Greater Manchester has revealed a big increase in rogue landlord fines as part of its tough crackdown on the private rental sector first revealed two years ago.
The combined authority’s 10 housing enforcement teams are working to boost the number of landlords fined the maximum penalty of £30,000 for renting failing properties. The pilot scheme has led to £1.5 million in fines being issued over the past two years, compared with £1 million in the two years before that, reports The Times.
In 2022-23, 1,651 civil penalties were issued to landlords by English local authorities, according to an NRLA report. Nearly two thirds came from just 20 councils, with half of English local authorities issuing no civil penalties at all.
Greater Manchester’s ten teams have issued 113 civil penalties against rogue landlords during the past two years, a 43% increase from the two years before the project started.
The team in Wigan went from issuing zero civil penalties to 20 in the past 12 months. One landlord was given multiple penalties totalling £64,000 for safety breaches, such as having no electrical safety certificate.
“Word gets around,” says Wigan housing enforcement officer Helen Baskett. “We used to send an enforcement letter telling [landlords] to repair something after an inspection and just be ignored. Now the landlords talk to each other.
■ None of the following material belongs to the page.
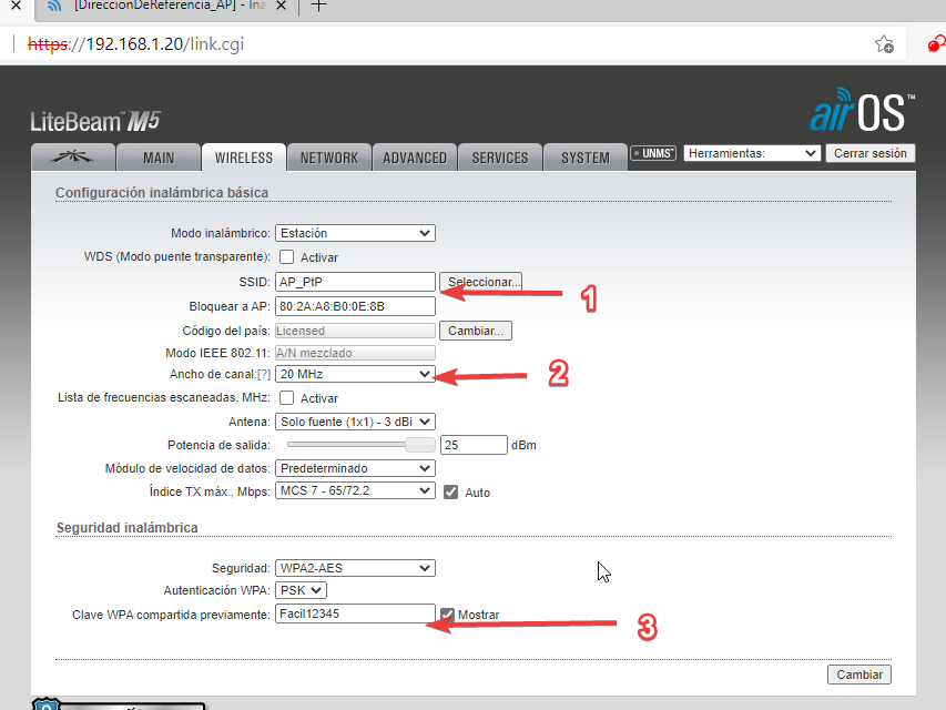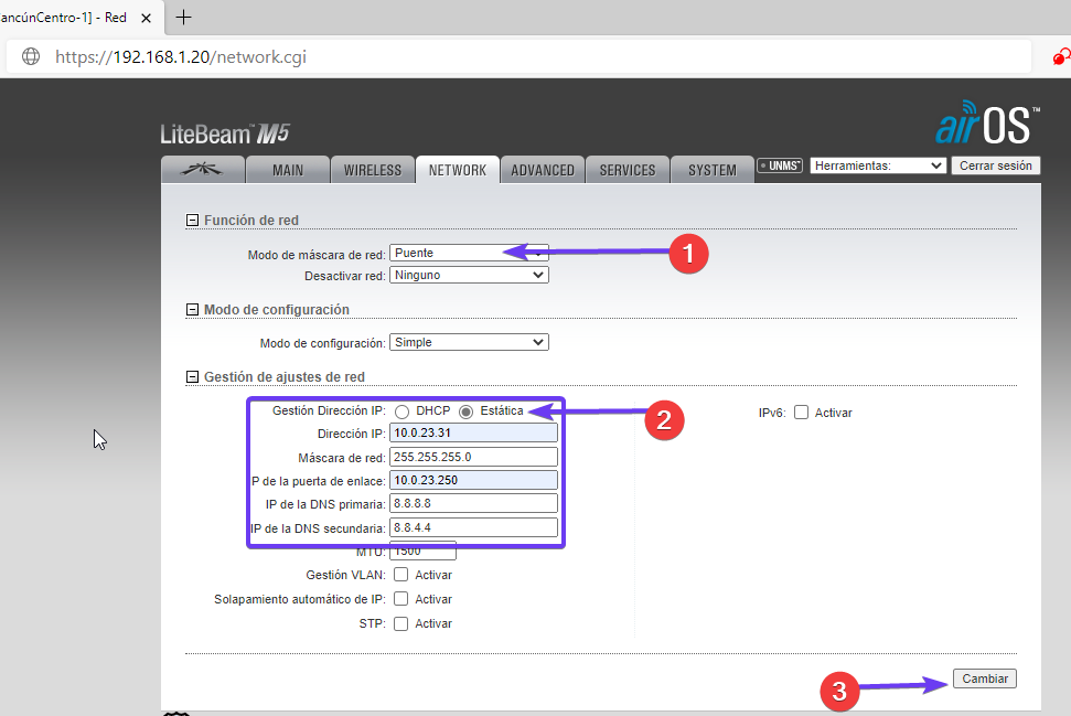 La configuración de Network debe ser consistente con las direcciones que tiene la antena AP.
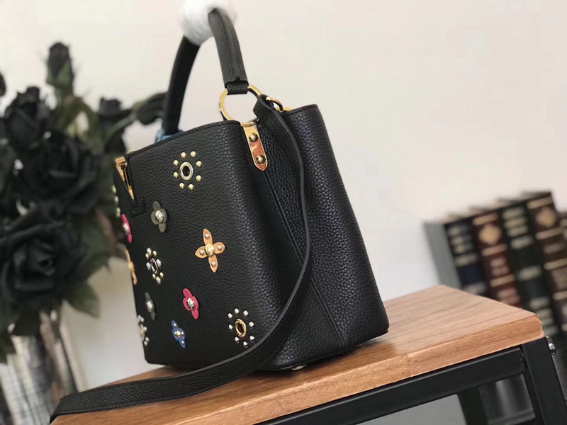 카퓌신 PM 메커니컬 플라워 모델의 느와르 컬러 버전입니다 상징적인 모노그램 플라워를 현대적이고 대담한 감성으로 재해석한 디자인입니다 꽃의 중앙부를 수놓아 록 무드를 더한 금속 스터드는 오래 전부터 루이 비통 트렁크에 모노그램 캔버스를 고정시키기 위해 사용한 네일 장식을 본딴 디테일입니다 다양한 스타일과 하우스의 시그니처가 절묘하게 어우러진 여성미가 돋보이는 테마가 특징입니다

They’ll say, ‘I got fined £10,000, so you’d better do as they say, or it will be you next.’”
Andy Burnham (main image), mayor of Greater Manchester, says the pilot is part of delivering his Good Landlord Charter in the region, setting out clear, practical, and accessible standards to drive up the quality of renting. “For years now, local councils have been left reeling by a combination of growing pressures and squeezed resources,” Burnham says.
“With this new generation of enforcement officers, we are stepping up and strengthening local enforcement teams, so that we can do more to crack down on bad housing practices.”